Gerrymandering and its discontents

Flatland has recently decided to elect a representative congress. Each district will get to send one local representative to this congress, in order to better act on the needs of the citizens. This is all well and good, but the citizens are having some trouble deciding where the lines between districts should be drawn.

Eventually they decide to let current president, Triangle, decide how to divide up the districts. He does so, and divides up the land as follows (see Figure 1). It all looks nice and fair, with evenly sized districts not dominated by any one political party, but the citizens begin to get suspicious when the election results come in, and the congress is made up of mostly triangle representatives.

Now, Triangle has the majority of supporters in these districts, but a proportional representation would also have at least one square representative. Here, Triangle used a technique called “cracking.” He spread out Square’s supporters, making sure no one district had enough votes to win, and thus ensuring all of Square’s votes were wasted.

Square makes a big deal out of the fact that he didn’t get any representation in those districts, despite having a significant number of supporters. The citizens agree and let Square lay out the district lines for the next election, which he does like so (see Figure 2).

Now, this time the election results come in, and square gets two seats! The citizens aren’t happy at all with this result either, since Square is a minority party. Square’s supporters shouldn’t be taking the majority of seats in those districts!

Square could win a majority, though, by using a technique called “packing.” Square packed most of Triangle’s supporters into a single district, spreading the remaining voters out so thin that they couldn’t win in any other districts.

The same group of voters can thus give either political party a majority of representation, depending on where the district lines are drawn. This technique of manipulating voting lines to determine outcomes of elections is known as gerrymandering. It’s particularly prevalent in first-past-the-post voting systems (which the US employs), as there is only one representative from each district.

The citizens of Flatland quickly realize that whomever they put in charge, there will be bias in dividing up the districts, but they’re sure that a solution must exist, so all the citizens go home and sleep on the problem. The next day, Hexagon excitedly announces that she has a solution!

Hexagon’s solution is called the shortest line algorithm.
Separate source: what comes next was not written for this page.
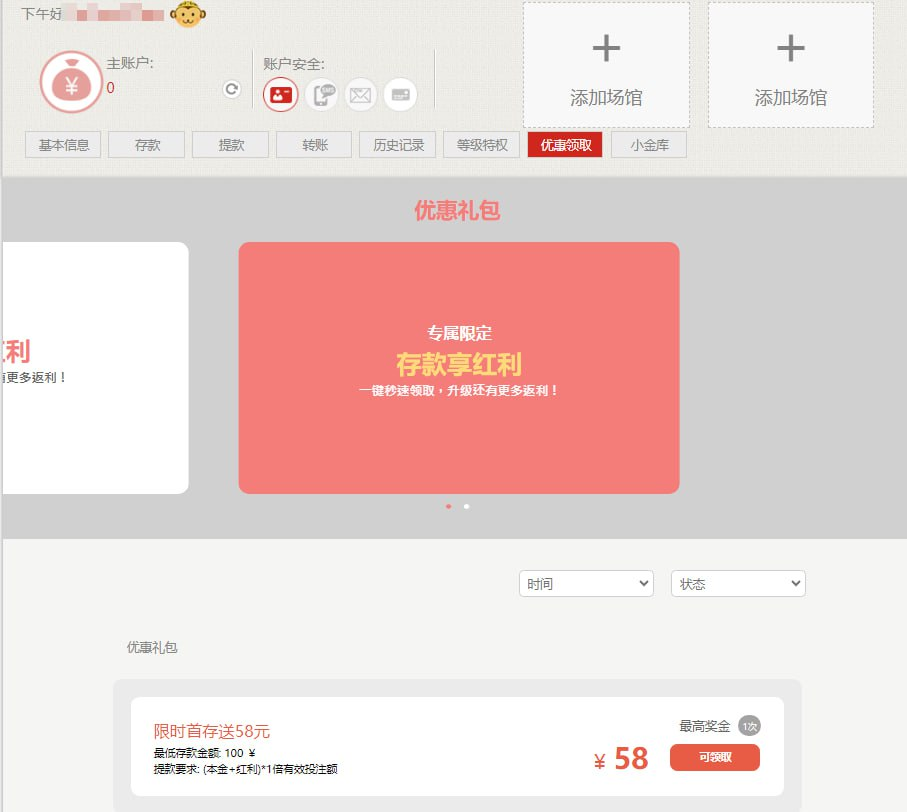 注册后到用户中心>优惠领取选择优惠,只能体育/电子

It works by dividing up any plot of land mathematically, in order to ensure that no single shape has power of the process, and it’s easy to see why divisions are where they are. The algorithm works by drawing the shortest possible line across the district that divides it in half.

Now the two halves are divided in half. This process continues until the entire land has been divided into the proper number of districts.

Flatland attempts to divide the country this way for the next election, and it proves to be incredibly successful, with a representative congress! However, in the next election, Square ends up with a huge majority in congress even though the distribution of voters has not changed much.

All of Flatland is puzzled. It seems like gerrymandering, but how could there be bias when the districts were mathematically selected? Citizens investigate, and find the voting distribution looked like this (see Figure 3).

All of Flatland then discovers that the shortest line algorithm is not always fair. Sometimes, it can randomly produce a biased result. Now, randomly being biased is certainly better than having an innate bias, but it’s not good enough for the citizens of Flatland. They want a system that can always result in a representative congress.

To achieve this goal, they go about a very unorthodox strategy: In order to eliminate the effects of gerrymandering entirely, the government decides to hire someone to gerrymander for them! Sphere, who lives in a faraway kingdom, has no interest in the politics of Flatland, so he’s the perfect candidate for Flatland to hire.

Sphere’s job is to draw the district lines in a way that allows Flatland to come up with a representative congress every election. So he gets to work, packing voters of one type together, cracking some of another type out, and eventually presents his plan to Flatland (see Figure 4).

It works perfectly, and Flatland achieves a representative congress with no random bias! However, the citizens of Flatland still are not happy. The idea of purposely changing districts to manipulate the outcomes of elections, even if it’s being done with fairness in mind, doesn’t seem very fair.

In order to come up with a better solution, however, all of Flatland will have to completely rethink how they go about voting.